* [What is being asked]: Repeat the listing exactly. Do not carry over any pictures.
[Information provided Boundary: Start]
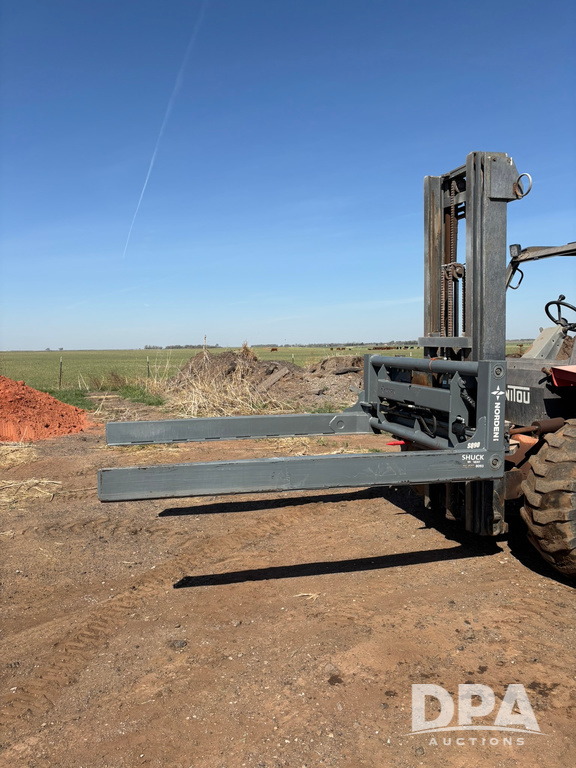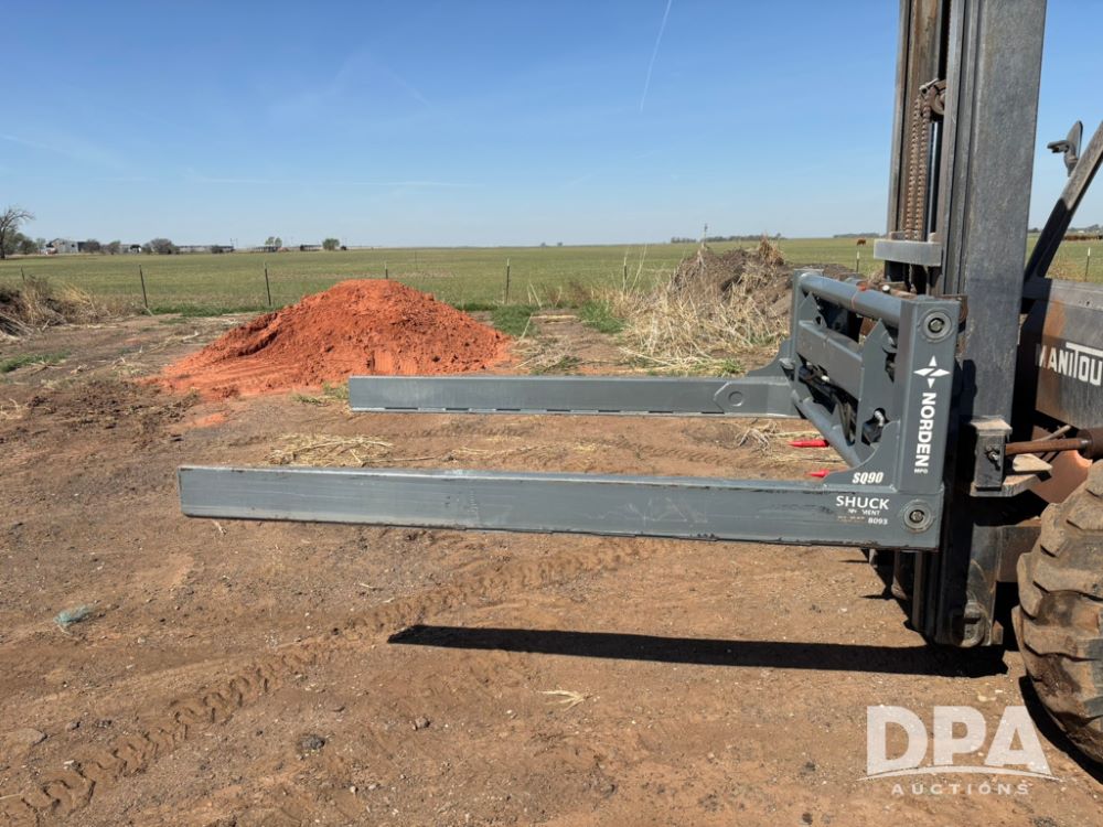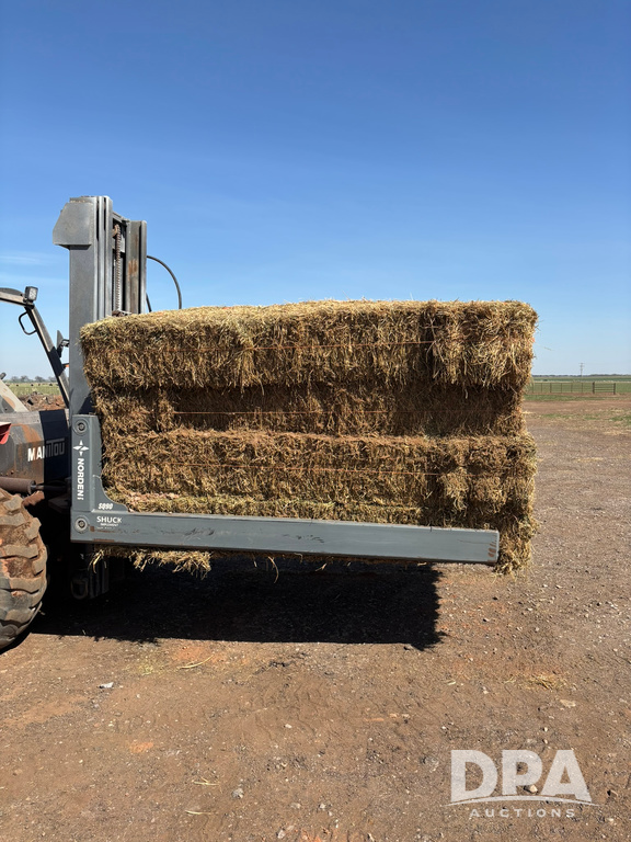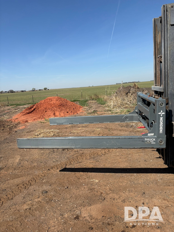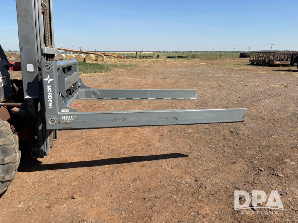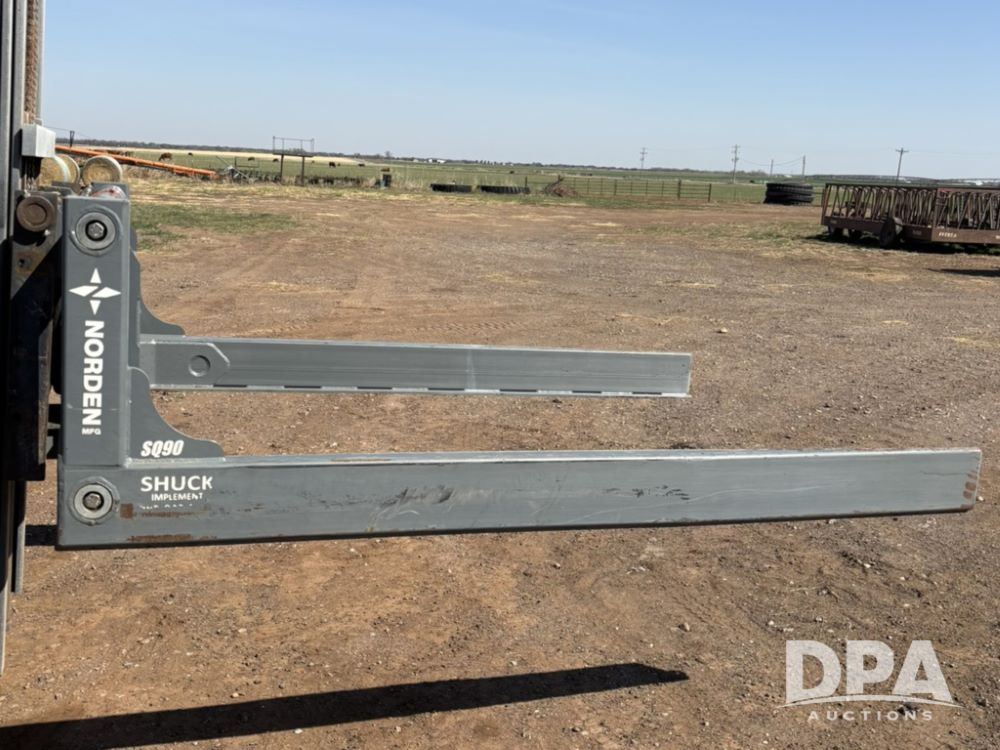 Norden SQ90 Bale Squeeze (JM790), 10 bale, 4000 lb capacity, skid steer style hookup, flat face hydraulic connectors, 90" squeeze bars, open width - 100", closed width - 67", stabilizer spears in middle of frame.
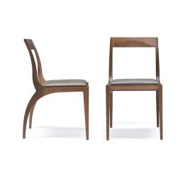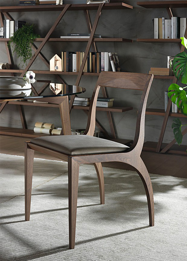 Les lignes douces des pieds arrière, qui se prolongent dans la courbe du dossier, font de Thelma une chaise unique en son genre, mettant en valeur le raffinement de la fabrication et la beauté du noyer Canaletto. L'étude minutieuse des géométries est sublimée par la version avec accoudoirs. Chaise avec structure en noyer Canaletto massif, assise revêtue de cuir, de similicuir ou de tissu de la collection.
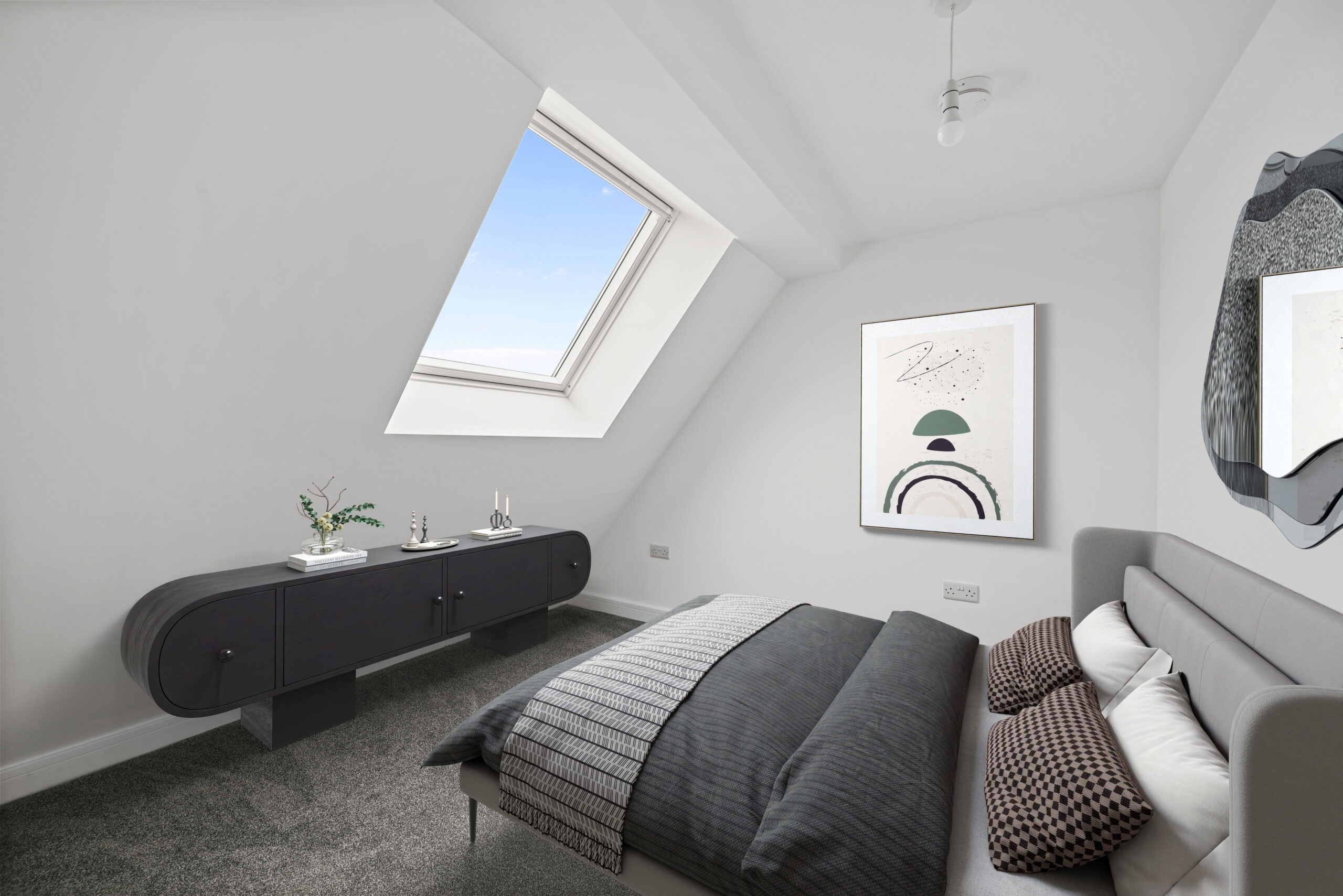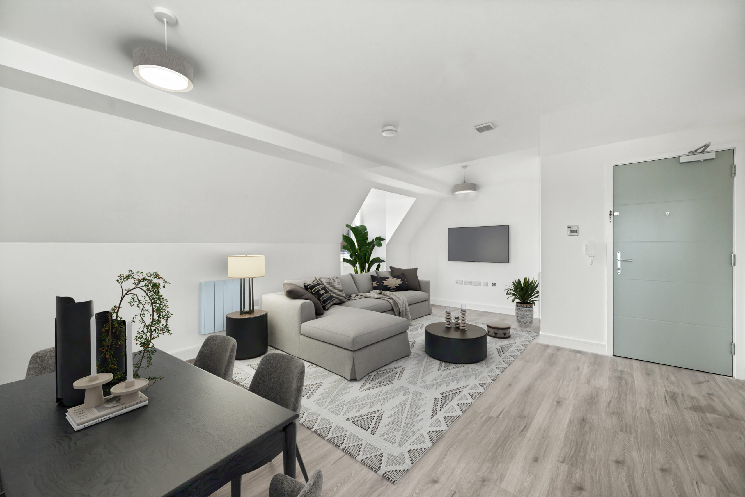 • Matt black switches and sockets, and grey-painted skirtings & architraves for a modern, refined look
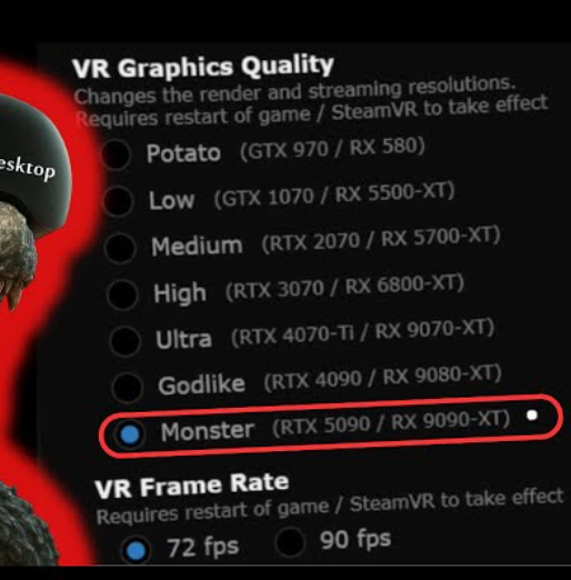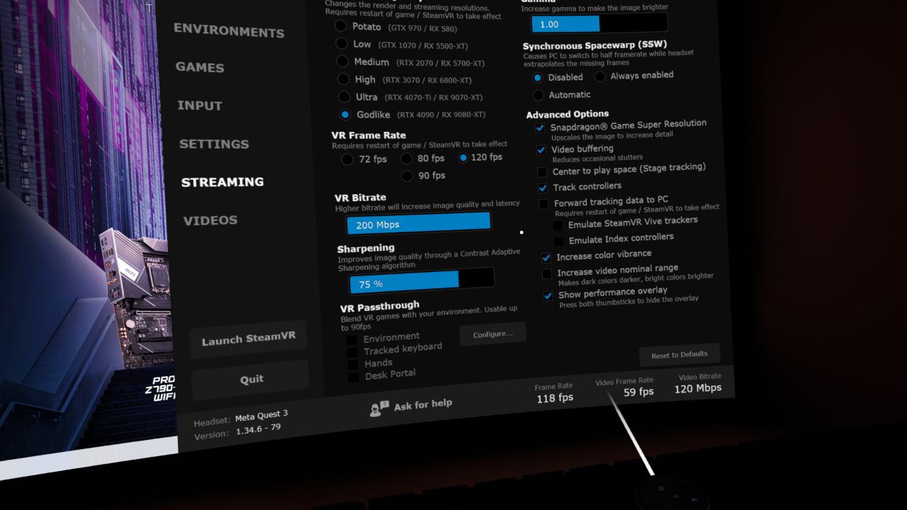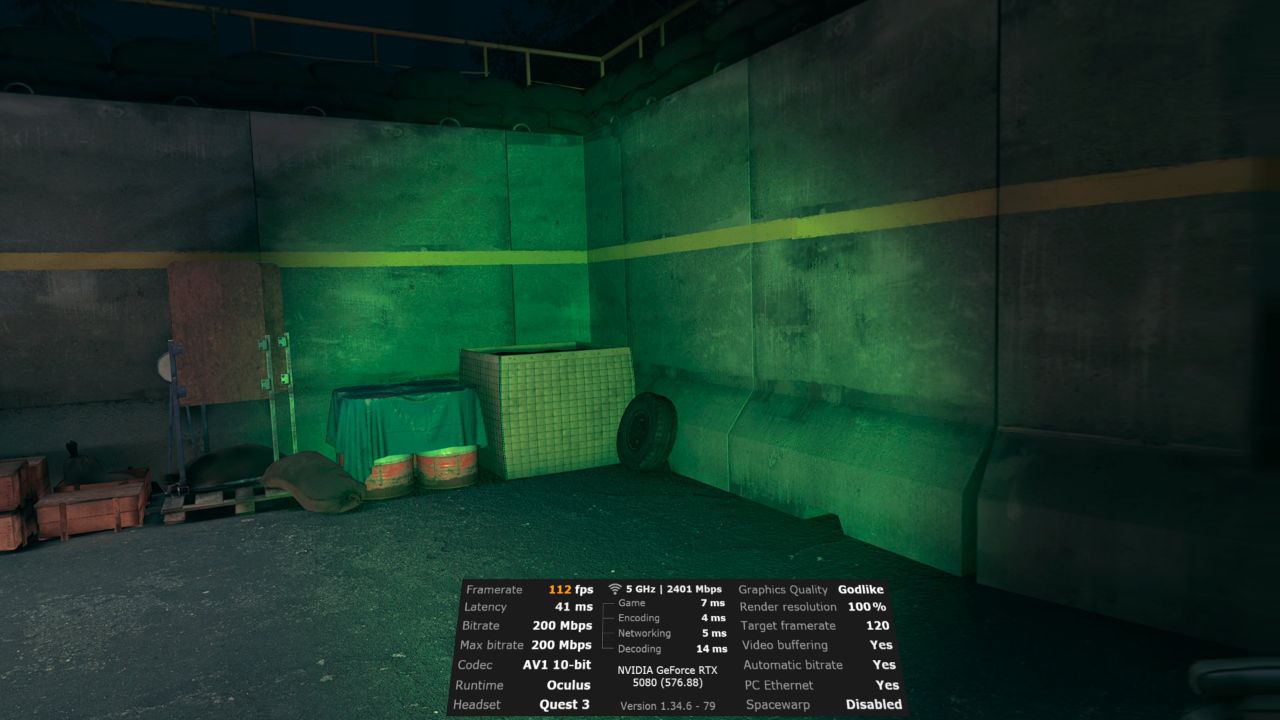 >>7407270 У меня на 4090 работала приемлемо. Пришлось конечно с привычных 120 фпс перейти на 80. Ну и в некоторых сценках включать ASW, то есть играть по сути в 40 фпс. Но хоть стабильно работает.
[Information provided Boundary: End]
* [Output]:
 Norden SQ90 Bale Squeeze (JM790), 10 bale, 4000 lb capacity, skid steer style hookup, flat face hydraulic connectors, 90" squeeze bars, open width - 100", closed width - 67", stabilizer spears in middle of frame.
 Les lignes douces des pieds arrière, qui se prolongent dans la courbe du dossier, font de Thelma une chaise unique en son genre, mettant en valeur le raffinement de la fabrication et la beauté du noyer Canaletto. L'étude minutieuse des géométries est sublimée par la version avec accoudoirs. Chaise avec structure en noyer Canaletto massif, assise revêtue de cuir, de similicuir ou de tissu de la collection.
 • Matt black switches and sockets, and grey-painted skirtings & architraves for a modern, refined look
 >>7407270 У меня на 4090 работала приемлемо. Пришлось конечно с привычных 120 фпс перейти на 80. Ну и в некоторых сценках включать ASW, то есть играть по сути в 40 фпс. Но хоть стабильно работает.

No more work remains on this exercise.